Then there is the photon sphere, which is where light that comes in at just the right angle goes into tight orbit around the black hole. It eventually falls in or escapes, and we see the escaping light as a bright ring around the central shadow.
The biggest part of the black hole environment is the accretion disc, which is all the matter it has sucked up rotating in a giant disc around it. The extreme forces in this region cause the disc to glow. Some of the accretion disc is doomed to spiral in and be eaten, but some of it will be blown out in massive relativistic jets at the black hole’s poles – these jets can approach light speed and be light years long!
So, the short answer is that the accretion disc and relativistic jets make a black hole look very different from different directions.
But what if we ignore them and just look at the event horizon? The (unproven) “no-hair theorem” posits that the only things you can measure about a black hole after it forms are its mass, its electric charge and its angular momentum, or spin. The mass and charge are the same from all directions, but the spin can be measured – it is what determines where the accretion disc is and which direction it rotates. If you somehow had a black hole with no spin, it would appear the same from all directions. But as soon as any matter falls in, it imparts spin, so it is very hard to have a black hole with zero spin.

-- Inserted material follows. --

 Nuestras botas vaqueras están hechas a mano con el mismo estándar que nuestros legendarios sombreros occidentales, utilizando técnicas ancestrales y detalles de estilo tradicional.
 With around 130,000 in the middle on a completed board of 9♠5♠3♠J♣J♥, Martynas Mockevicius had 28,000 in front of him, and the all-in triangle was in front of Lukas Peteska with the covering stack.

What about a naked singularity, with no event horizon covering it? This continues to be a hot topic of debate. No naked singularity has ever been seen and anything dense enough to become a singularity would normally have an event horizon hiding it. But it is theorised that something spinning fast enough could shrink its event horizon to the point that the singularity was exposed.

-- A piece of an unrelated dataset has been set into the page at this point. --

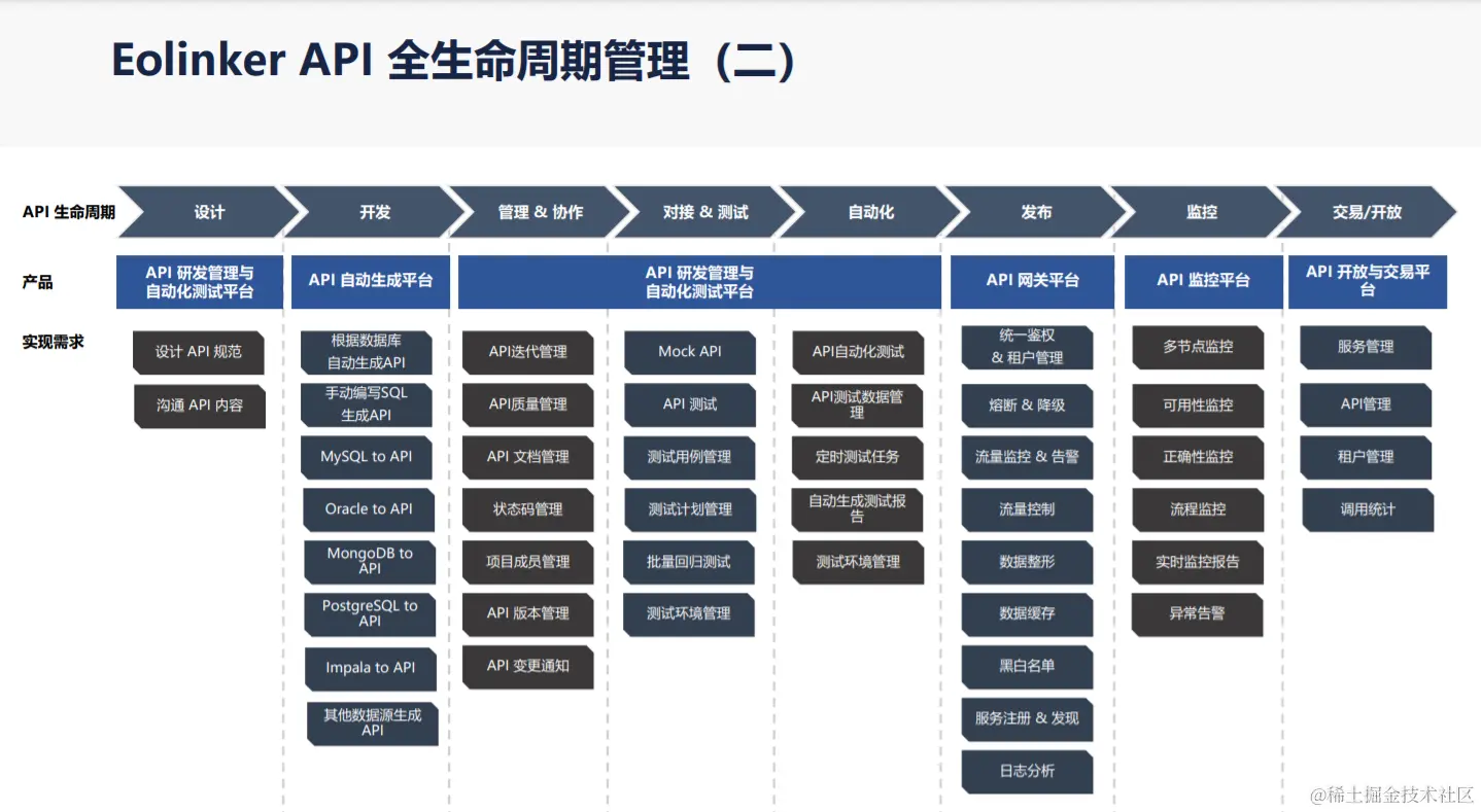 以上简单介绍了API的生命周期几个重要阶段,并使用Eolinker进行演示,API生命周期所涉及的点非常多,若准备对API进行管理,需要考虑到API的各个方面,选好一个API管理平台则有利于更快且更高效的管理API生命周期。 演示工具:www.eolinker.com

Kip Thorne made simulations of the optical effects for observers orbiting a black hole for the film Interstellar
So practically, you can always tell where you are in relation to a wild black hole. But at some point, it might be possible to make a small, spin-less black hole in a lab that would be as symmetrical as your control over it allowed.
Nick Canning
Coleraine, County Londonderry, UK
First clarify what you mean by “the look” of a black hole. It isn’t the same sort of thing as “the look” of Earth’s globe seen from space. That involves light scattering off the planet’s surface, but light can’t scatter off the surface of a black hole’s event horizon. The only optical clue to the presence of a black hole is its gravitational lensing effect on light from matter falling into the hole, heating up and emitting light while still outside the horizon, or light from background stars on the other side of the sky to the observer looking towards the hole.
According to theory, an event horizon’s surface is perfectly uniform and smooth, so if the distribution of matter and stars is uniform in all directions outside the horizon, then the optical observations would be the same for all directions around the black hole. However, if the stars aren’t uniformly placed, then visual observations will change as we orbit the hole.
Theoretical physicist Kip Thorne made simulations of the optical effects for observers orbiting a black hole for the film Interstellar. These agree with the later images of the supermassive black hole at the Milky Way’s centre.